Revelation: church is hypocrisy.

It continues to this day, no matter what denomination. The Methodist church continues to spread their hate for gay and lesbians, putting pastors on trial for showing their love. Making rules to squash the expression of support for gays and lesbians, right up there with the Catholics.

Moving to KC, changed things a lot for a long time. Through luck and a friend I had made here, I found a church, a Methodist one at that, where the congregation had taken a stand to say all were welcome, even sinful, nasty, family hating, fags like me. I went a couple times and joined on my 3-4th visit. I stayed for over 12 years, some of the best church time in my life. We worshiped, we worked, we celebrated, mourned, ate, drank, partied and prayed. Gays and lesbians, old and young, rich, poor, transient... it mattered not.

Revelation: church did not have to be hypocritical.

But, as with all things, decay set in.

(to be continued)

1 comment:

Anonymous said...

"Better a millstone be tied around their necks and thrown in the sea...."
________________
Fascinating account, Don, and I'm grateful you're sharing it. Eager to read coming posts. Imagine how women have felt throughout Christian history -- "Shut up, have babies, and then praise all things male in 'our' church, you whore!" For the Christian, all can be forgiven -- cheating, murder, dog-fighting, lying, but not "being" gay. Somehow that one trumps all sins.

The solution is simple: reject homosexuality as sin. It isn't. And what they won't, what they can't fathom is that it NEVER was a sin! It's just as natural as me wanting to kiss a girl. Yet the psycho-emotional structure of the church lays the heaviest mindfuck on being who YOU are.

Few were as spiritual as I was growing up in church; I truly enjoyed the experience. However, my road to atheism began in the 10th grade when I read the Bible cover-to-cover and began comparing it to what was being preached from the pulpit and what was taught in Sunday School. Two years later I reread it cover-to-cover and the myth of it all really settled in: it's a wonderful book of stories, tales told mainly to make the transition from life to death a little easier to swallow. Where the book meets church is the intersection of its corruption. The church and its dogma doesn't really match what's in the Bible. It's always selectively reinterpreted to benefit the powerful (pope, men, priest, state).

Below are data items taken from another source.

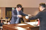 優秀企業賞の表彰状を持つホリカフーズの五十嵐一也社長(左)と星正弘専務=魚沼市堀之内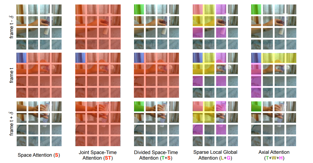 空间注意力机制(S):上图以第 t 帧 blue patch 为基准点时,Space Attention 只计算这一帧内其他 patches 和基准点的 self attention,而完全看不到其它帧的信息。
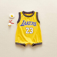 水花童 婴儿连体衣夏装宝宝无袖背心短爬小宝宝篮球服新生儿运动服夏网红爬服 23号 黄色 73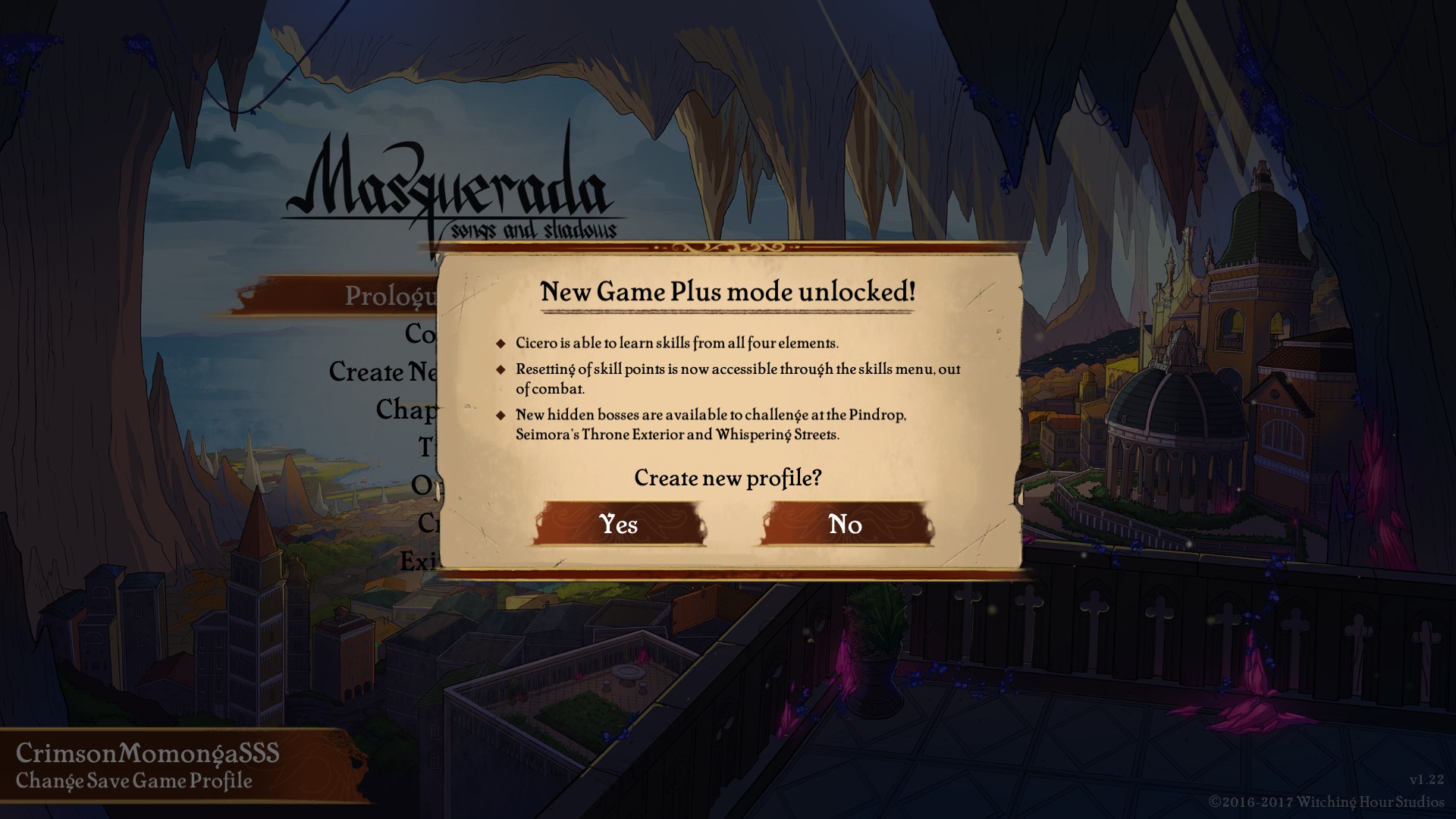 Overall, I had a good time playing Masquerada, even if it isn’t exactly what one would expect of an RPG. While I did personally enjoy the combat, I feel that the main appeal lies in the story and aesthetic. The gameplay (exploration and combat) is more of a conduit for the narrative than it’s own independent feature, and I find this justifiable given how good the writing is. Given what I’ve seen, the large repository of lore, and the potential for future installments, I would happily wait for a sequel to come. As for who else would enjoy this, well, it depends on what you like in games. If you want some sort of open-world, combat-focused, choice driven RPG then this is not the game for you. It’s certainly not a shooter, nor is it a puzzler. Rather, I feel this game would most strongly appeal to the visual novel crowd, or those who are searching for something with a strong narrative. There isn’t really much replay value to the game after NG+ aside from experiencing the story again, so the choice is really up to you.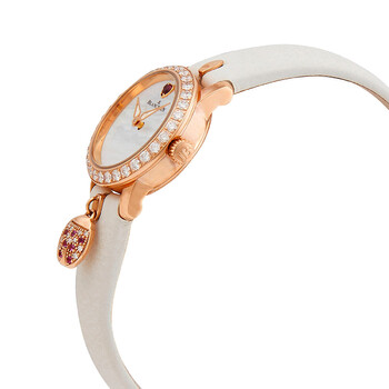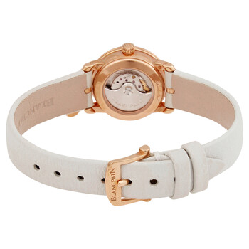 18kt rose gold case with a white varnished leather strap strap. Fixed 18kt rose gold set with diamonds bezel. Mother of pearl with heart-shaped ruby dial with luminous rose gold-tone hands. No markers. Dial Type: Analog. Luminescent hands. Blancpain Calibre 615 Automatic movement, containing 29 Jewels, composed of 180 parts, bitting at 21600 vph, and has a power reserve of approximately 38 hours. Scratch resistant sapphire crystal. Pull / push crown. Transparent case back. Round case shape, case size: 21.5 mm, case thickness: 8.35 mm. Band width: 11 mm. Tang clasp. Water resistant at 30 meters / 100 feet. Functions: hour, minute. Additional Info: 0.57 carat(s). Ladybird Ultraplate Series. Luxury watch style. Watch label: Swiss Made. Item Variations: N00063D029054N063A. Blancpain Ladybird Ultraplate Automatic Ladies Watch 0063D-2954-63A.

By the time I was 20, I was more widely read and studied the problem of evil. No, I still haven't gotten around it. Simply put, if I were god, there wouldn't be deadly tsunamis or earthquakes or cancer or murder or Dick Cheney. And if I'm wrong, I'll proudly explain to god that I want nothing to do with him. Where was God in Noah's flood? He was systematically drowning the entire world, animal as well as human, as punishment for "sin." Where was God when Sodom and Gomorrah were consumed with fire and brimstone? He was deliberately barbecuing the citizenry, lock stock and barrel, as punishment for "sin." The modern, enlightened, theologically sophisticated Christian's entire religion is founded on an obsession with "sin," with punishment and with atonement. No wonder some god-believers blame Haiti's 300,000 dead on their sin, but wasn't the central purpose of Jesus' incarnation was to have himself tortured as a scapegoat for the "sins: of all humankind, past, present and future, beginning with the "sin" of Adam, who (as any modern theologian well knows) never even existed? ("Adam" is a nice myth, but evolution contradicts the tidy story.)

For the past 28 years, I've lived a wonderfully lighter life without the emotional burden of church and god and all the baggage attached to those activities. Whenever I did go to church, I was shunned because I didn't bring a family of kids with me. (I was always shoehorned in with the Seniors in Sunday School because the married couples couldn't talk kids with me and didn't want a guy coming to church without his wife.) Odd that their behavior wasn't welcoming.

Must be the tribe mentality. If you're not like "us" in every transparent way, we'd appreciate it if you left the building quietly and didn't make a scene.